The oligos in this coding scheme are correlated and have grid-like topology to realize extremely low but necessary redundancy. This study increased the theoretical limit of coding potential to an unprecedentedly high value of 1.98 bits/nt, and remarkably reduced the desired redundancy for error-free recovery of the source file. Moreover, the mechanism of random selection and validity verification ensures that long single-nucleotide homopolymers do not appear in the encoded sequence. However, in this coding scheme, the complexity level of encoding and decoding is not linearly correlated to the data size. Thus, decoding can be complicated and may require more resources and a longer computation time. However, although it is claimed that a 4% loss of total packets would not affect the recovery of the original file in the report, in terms of the features of DNA fountain code, loss of more packets may cause complete failure of recovery. If the ultimate aim is to permanently store the data, the amount of redundancy must be increased to ensure information integrity.
If we consider DNA-based data storage solely as an archiving process with high fidelity, then DNA fountain coding appears to be the only communication-based coding scheme. In DNA-based data storage and retrieval, the most common error is caused by a single-nucleotide mutation. To address this issue, most coding schemes create high redundancy to tackle the challenging conditions of current communication channels. However, these error correction algorithms require complex decoding procedures and large amounts of computing resources. Here, the use of a fountain coding scheme first shows that it is unnecessary to use error detection/correction algorithms, and this provides us with an alternative solution for improving the performance of DNA coding.
Overview of DNA-Based Data Storage Media
Currently, DNA-based data storage uses 2 main types of media to store encoded DNA sequences: in vivo and in vitro.
In vivo
In vivo DNA-based data storage was commonly adopted in pioneering DNA-based data storage work, such as the Microvenus project, which used bacteria as the storage medium [2]. In the 2000s, other research teams also proposed simple techniques for in vivo DNA-based data storage, e.g., the use of codon triplets to encode alphabets [22] or bits [23] by either transferring plasmids or introducing site-directed mutagenesis. Typically, encoded DNA sequences are first cloned into a plasmid and then transferred into bacteria (Fig. 3A). Therefore, the DNA sequences, and the information they carry, can be maintained in tiny bacteria and their billions of descendants.
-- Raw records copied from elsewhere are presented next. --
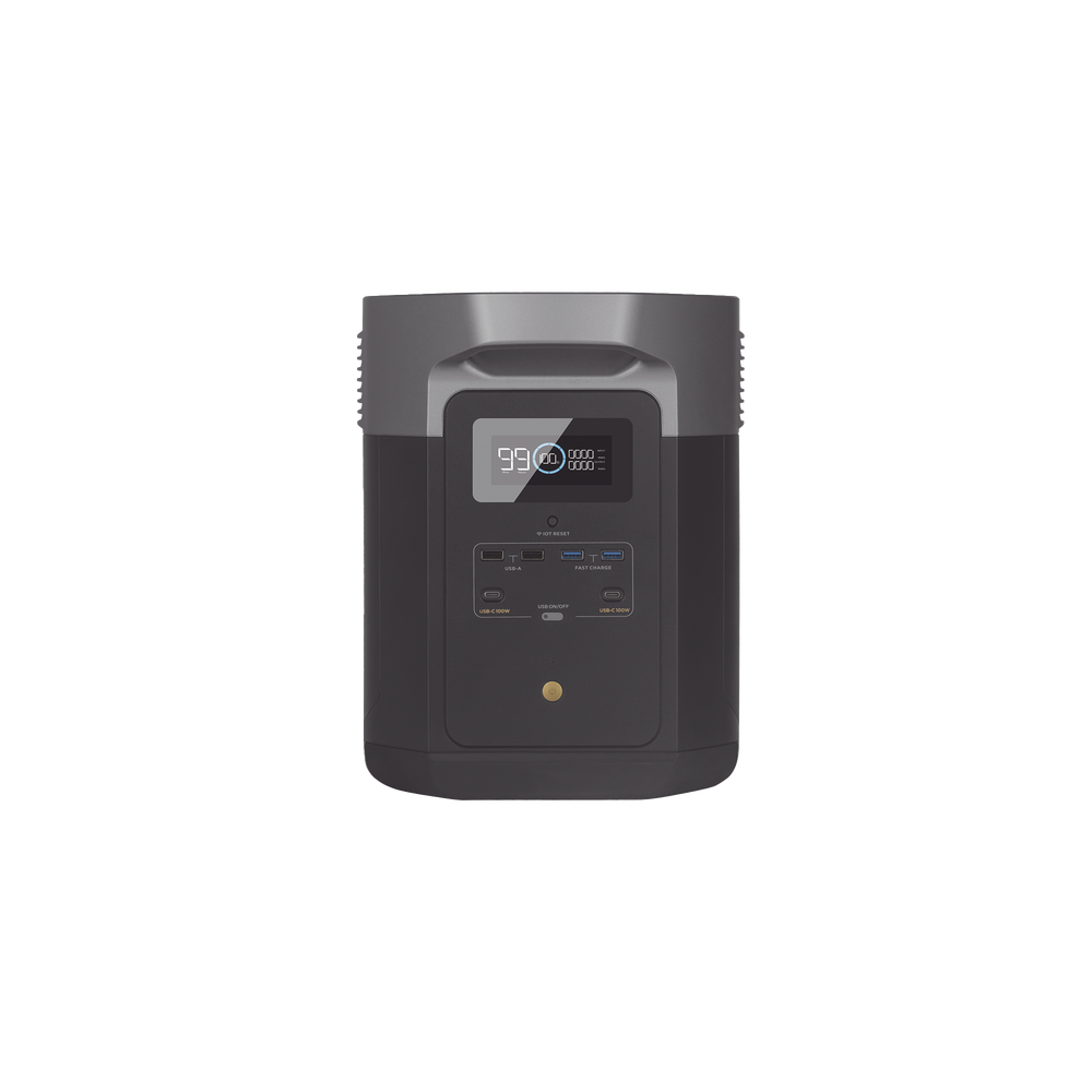 EcoFlow DELTA 2 MAX | Estación de Energía Portátil 2048Wh Litio LFP / 6 AC 2400 W (Max. 3400W) / 2 USB-C 100W / Capacidad para Aumentar Respaldo / Soporta Cargador de Coche 10A a 12.6V / Conectividad WiFi y Bluetooth (App) / Carga Sol
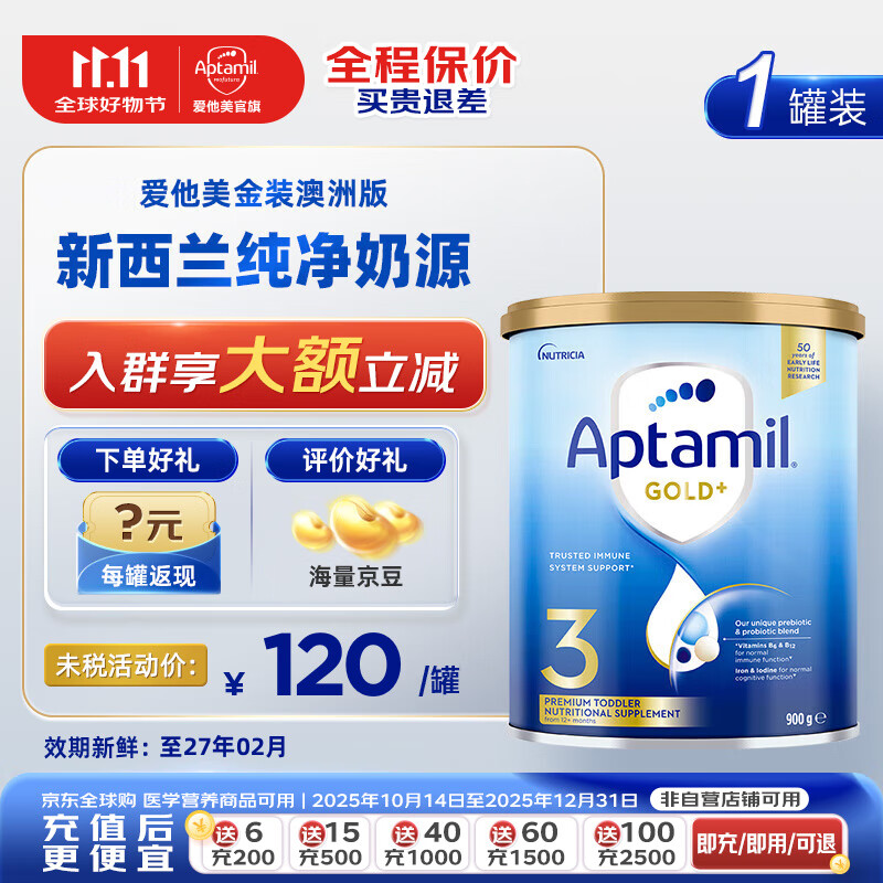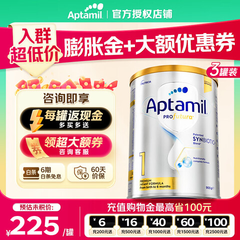爱他美(Aptamil)澳洲白金版含DHA叶黄素营养新西兰进口婴幼儿配方牛奶粉官方授权【晒单每罐返】1段3罐效期至27.4
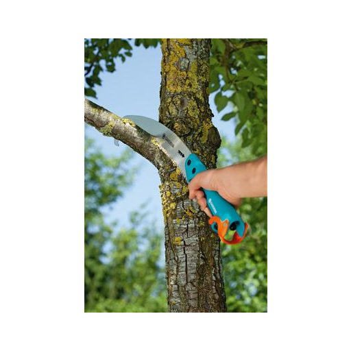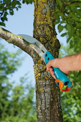 Die gebogene GARDENA combisystem Gartensäge mit einem Sägeblatt von 300 mm lässt sich flexibel für verschiedene Arbeiten einsetzen. Zum Sägen von leicht zugänglichen Ästen wird die Gartensäge als "normale" Handsäge verwendet. Der Griff der Säge liegt durch sein ergonomisches Design mit weichen Kunststoffelementen gut in der Hand. Für höhere Äste, bis zu einer Höhe von 5 Metern, wird der Griff einfach mit dem combisystem-Teleskopschnittaufsatz verlängert. Praktisch: Der combisystem-Stiel wird einfach an der Säge befestigt. Die Sicherheitsverriegelung sorgt dafür, dass die Verbindung stabil bleibt. Für sicheres Schneiden hat sie impulsgeschliffene Zahnspitzen und einen Dreifach-Schliff. Die gebogene combisystem-Gartensäge 300 P ist mit einer Spezialbeschichtung versehen, die sie optimal vor Korrosion schützt. Der Griff ist einklappbar, so dass die Hand auch beim Ziehen nicht abrutscht. Abgeschnittene Äste lassen sich mit dem Aufreißhaken am Ende des gebogenen Sägeblattes leicht abziehen. Zur sicheren Aufbewahrung ist das Werkzeug mit einem Hakenloch und einem Kantenschutz ausgestattet. So ist gewährleistet, dass die Säge immer sicher aufbewahrt werden kann. Die Garantiezeit beträgt 25 Jahre.
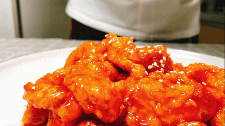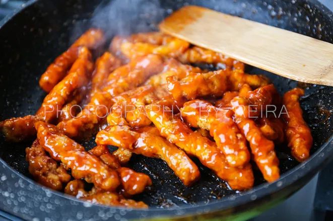 7.锅中留少许油,加入番茄酱、白醋、盐、糖、少许水,用水和淀粉调成糖醋汁,接着下入炸好的里脊快速翻炒均匀后出锅
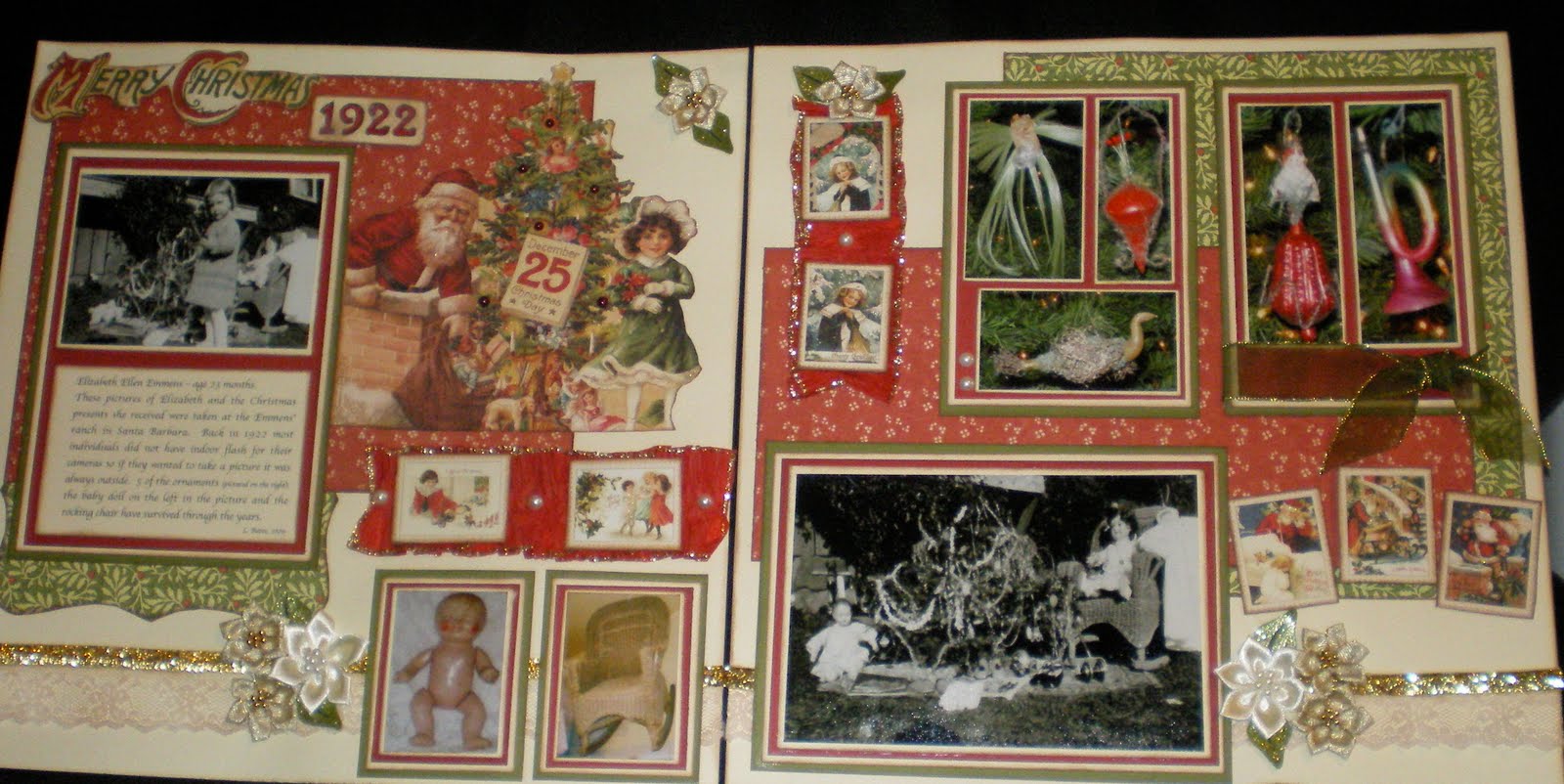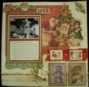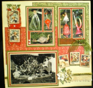 Christmas in February? . . . Why Not! . . . s000000 I know everything is suppose to be all “hearts and flowers” this month but I work at a little slower pace than the rest of the world . . . soooooooo here is a picture of the layout that I completed in January (which was just yesterday) of a Christmas both in the past and in the present . . . my good friend Christie designed this layout for a class at PSB and when I saw it I knew exactly what pictures would go on it . . . and of course being me I made a few changes from Christie’s original layout . . . like I used cream cardstock for the background instead of the original green and as I seem to be going through a glitz period I added glitter glue all over the place . . .
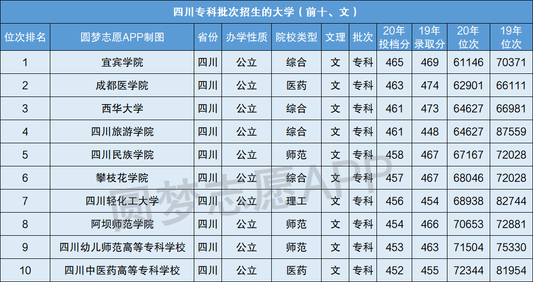 四川省专科批次招生大学2020年最好位次排名前十(文)
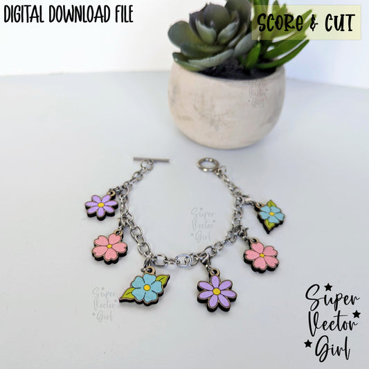Floral Flowers Bracelet Charms Bundle Set, SVG, Digital Laser Cut File, xTool Glowforge files, Score & Cut, Cute Spring Flower Daisy Mom Mother's Day
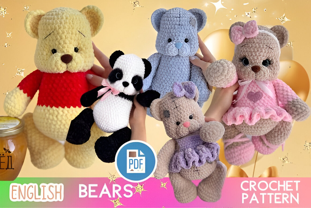 5-in-1 Bear Amigurumi Pattern Bundle – Easy PDF Crochet Guide
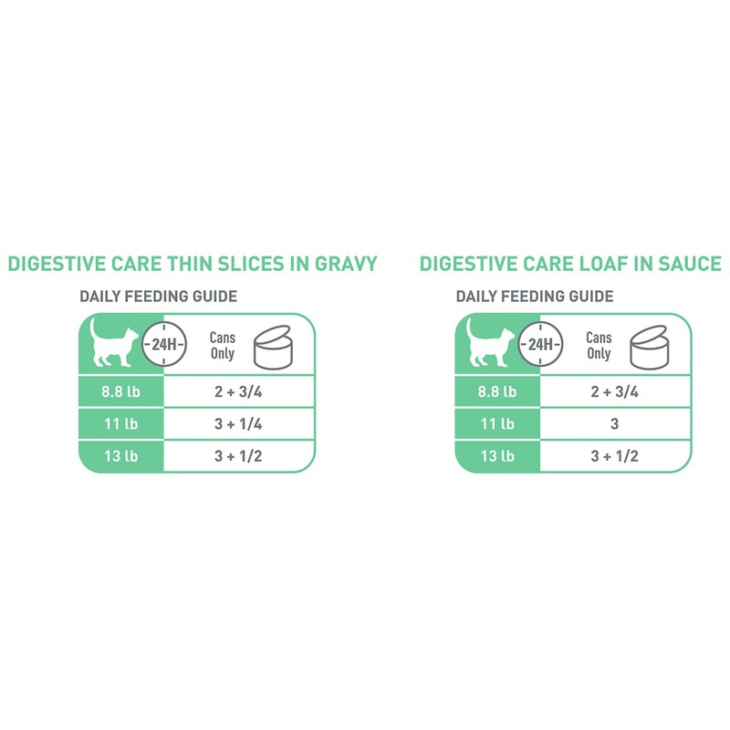 - VARIETY PACK: Offer your cat a variety of textures with Feline Care Nutrition Digestive Care Wet Cat Food Variety Pack, including six Loaf in Sauce 3 oz cans and six Thin Slices in Gravy 3 oz cans
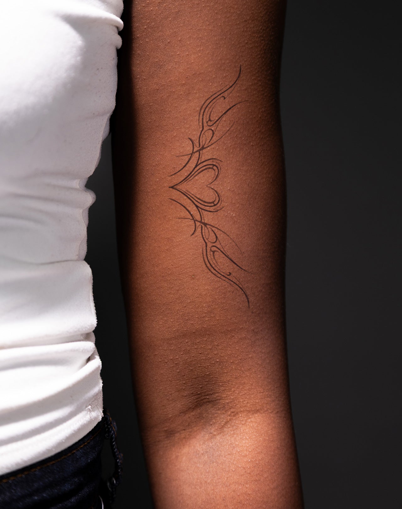 Heart Spread is a 3x6 inch design by @lorrainy.tatts that fuses bold tribal energy with tender symbolism. At its core, a heart anchors the piece, extending into fluid, flame-like curves that radiate outward in perfect symmetry. The lines balance sharp strength with graceful movement, creating a visual echo of wings unfurling or fire spreading—both fierce and tender. This 1–2 week EZINK temporary tattoo embodies passion, protection, and the unstoppable momentum of love in motion.
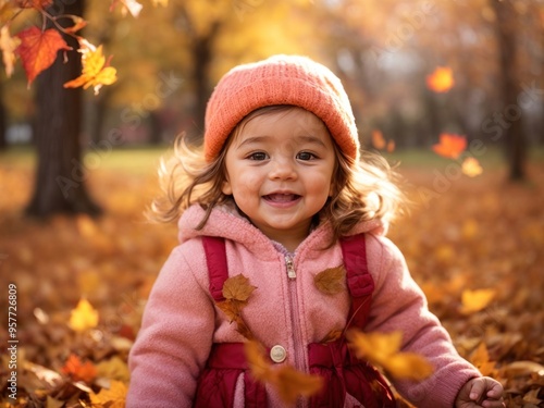 cute happy baby in autumn leaf background
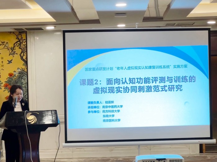 柏亚妹教授围绕课题2:“面向认知功能评测与训练的虚拟现实协同刺激范式研究”进行了详细汇报。该课题面向社区老年人适老化生活场景,构建多生理参数和行为信息融合的认知功能评测模型,设计虚拟现实环境下多感官协同刺激的适老化认知功能测评范式,建立面向社区不同认知状况老年人“多感官协同↔闭环自适”认知康复训练新方案。本项目通过医工交叉解决老年认知障碍“家庭无感知、医院不可及”的瓶颈问题,打造老年人主观爱用、社区经济可用的虚拟现实认知康复训练装备。
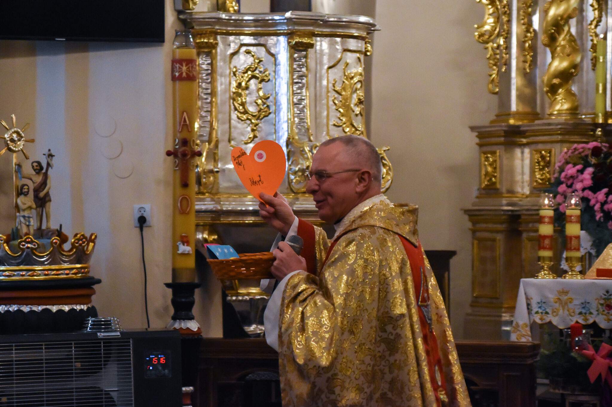 W czasie Rorat losujemy pamiątki dla dzieci spośród wykonanych serduszek z wypisanym dobrym uczynkiem.
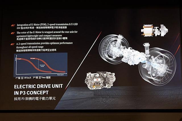 安置于后轮的 400V 电子能源单位整合包含 EDU 整契约步马达、电子限滑差速器与双速换档机构,其中一档可对应至时速 140 公里,二档则可达到车辆极速。
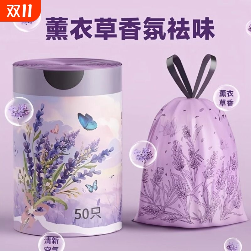 艾草垃圾袋薰衣草香氛驱蚊家用加厚手提式防蚊加大抽绳式厨房清香
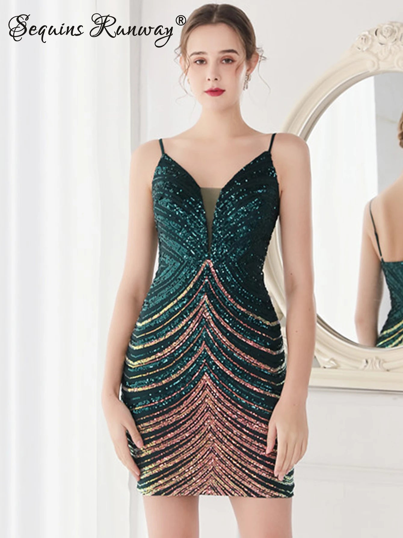 SPECIFICATIONSBrand Name: sequins runwayElasticity: Medium StrecthSleeve Style: Spaghetti StrapFabric Type: POLYESTERHign-concerned Chemical: NonePattern Type: SolidFit Type: SlimSilhouette: SheathNeckline: V-NeckDecoration: SequinedStyle: Sexy & ClubDresses Length: Above Knee,...

Nevertheless, the capacity of bacteria for carrying plasmids is limited by the type and size of plasmid. In addition, plasmid mutation is quite common in bacteria. During bacterial replication, take Escherichia coli as an example, the spontaneous mutation rate is 2.2 × 10−10 mutations per nucleotide per generation, or 1.0 × 10−3 mutations per genome per generation [24], with a generation time of 20–30 minutes, which—after a few years—might ultimately alter the information stored.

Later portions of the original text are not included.